MySQL’s ordinary session connections lack a keep‑alive mechanism; no socket options or heartbeat are set. Consequently, when the network disconnects, the server cannot promptly detect the failure. The TCP state remains ESTABLISHED because neither side sends a FIN packet.

3.2 How MySQL handles a transaction after network loss

Transaction still executing

If the SQL statement is still running when the network drops, MySQL rolls back the statement after it finishes because the response cannot be delivered to the client.

if (thd->is_error() || (thd->variables.option_bits & OPTION_MASTER_SQL_ERROR))
    trans_rollback_stmt(thd);

Transaction completed but not committed

When the statement finishes but the transaction is not committed, the transaction remains on the server and must be killed manually.

socket->listen->poll(socketfd)->accept->newthread->poll(newfd,wait_timeout)

The session stays alive for wait_timeout (default 8 hours) or until the TCP keep‑alive timeout expires.

/proc/sys/net/ipv4/tcp_keepalive_time   = 7200   # seconds idle before probes
/proc/sys/net/ipv4/tcp_keepalive_intvl = 75     # interval between probes
/proc/sys/net/ipv4/tcp_keepalive_probes= 9      # number of probes

3.3 When does the transaction finally exit?

If the connection is idle, MySQL will close it after wait_timeout (default 8 h).
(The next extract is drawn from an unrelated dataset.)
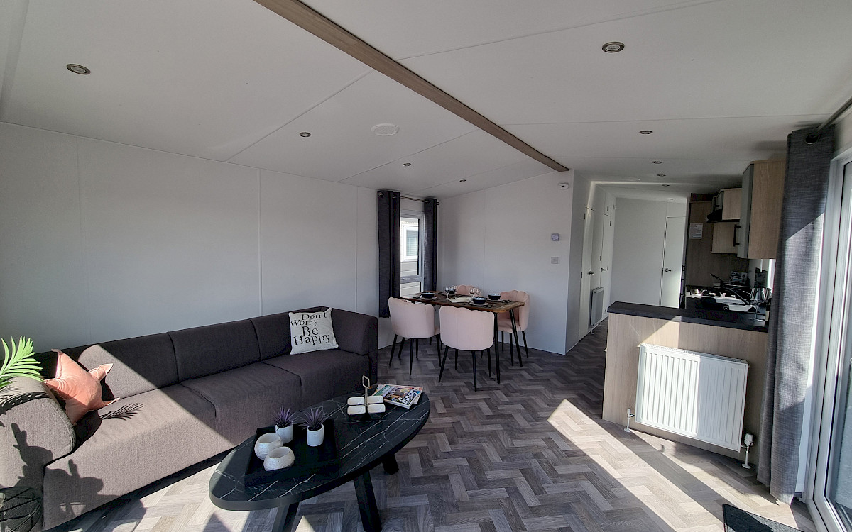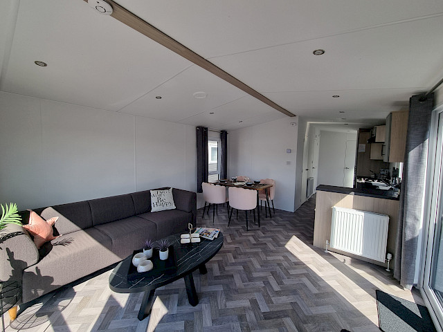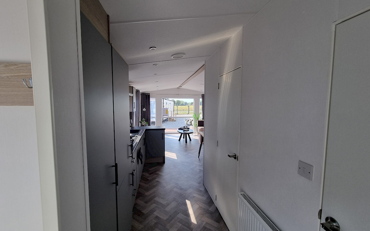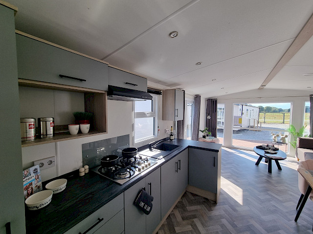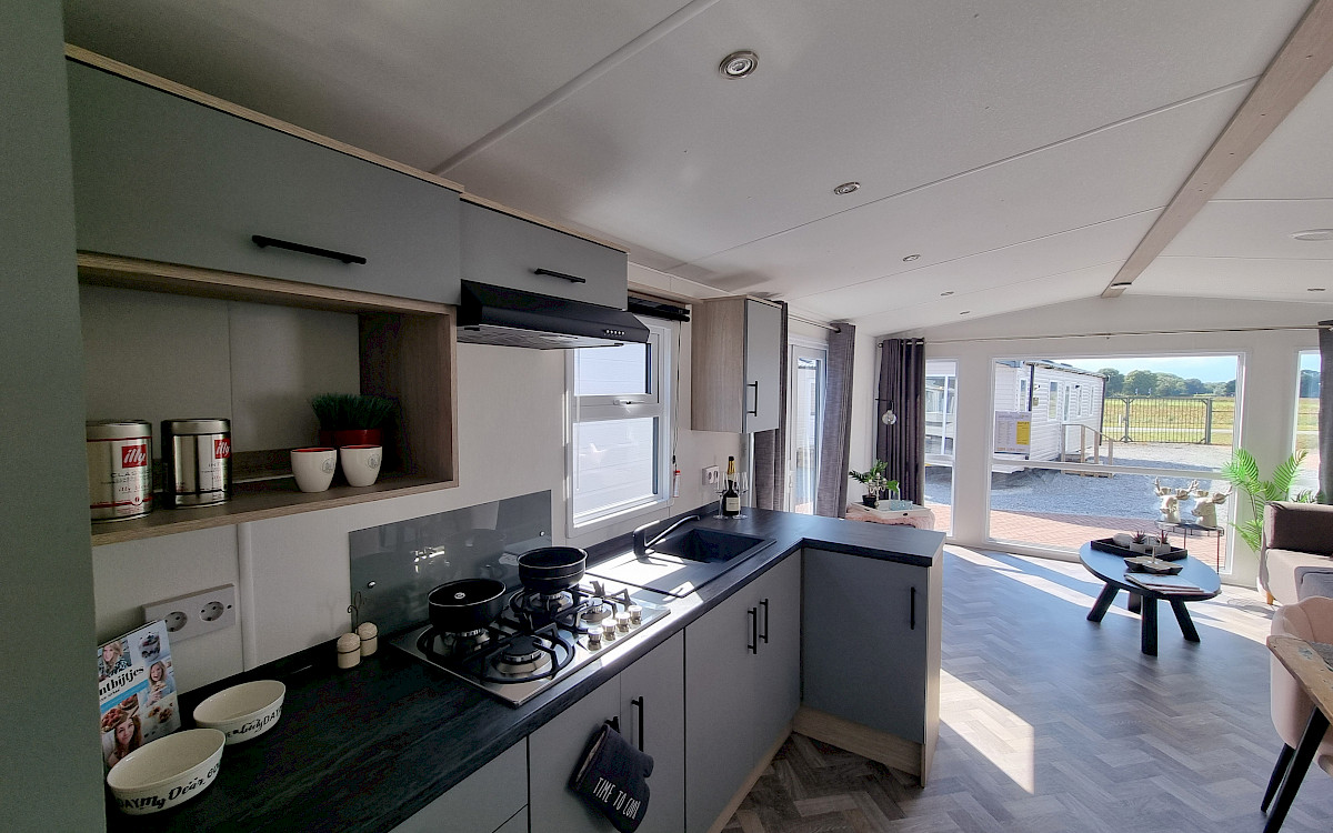Dieses schöne Mobilheim bietet einen geräumigen Eingangsbereich, in dem Sie mühelos Mäntel und Taschen aufhängen können. Der großzügige Eingang vermittelt sofort ein Gefühl von Raum und Gastfreundschaft, so dass Sie sich sofort wie zu Hause fühlen. Der Ocean Super Plus verfügt über eine moderne U-förmige Küche mit Herd, Dunstabzugshaube, eingebautem Kühlschrank und Gefrierschrank. Es gibt sogar Platz für eine Mikrowelle und die Möglichkeit, einen Geschirrspüler hinzuzufügen, so dass Sie komplett ausgestattet sind.

Otherwise, TCP keep‑alive probes eventually cause the OS to close the socket.

4. Actively Killing Stuck Sessions

In a data‑center level outage we observed many lock waits after reconnection, so we created a script that periodically kills long‑running idle transactions.

# Targeting operations layer
Kill_SQL="select concat('kill ',trx_mysql_thread_id,' ;') from information_schema.processlist a,information_schema.INNODB_TRX b where a.ID=b.trx_mysql_thread_id and trx_started <= SUBDATE(now(),interval 60 second) and STATE='' and COMMAND='Sleep' and TIME>=60"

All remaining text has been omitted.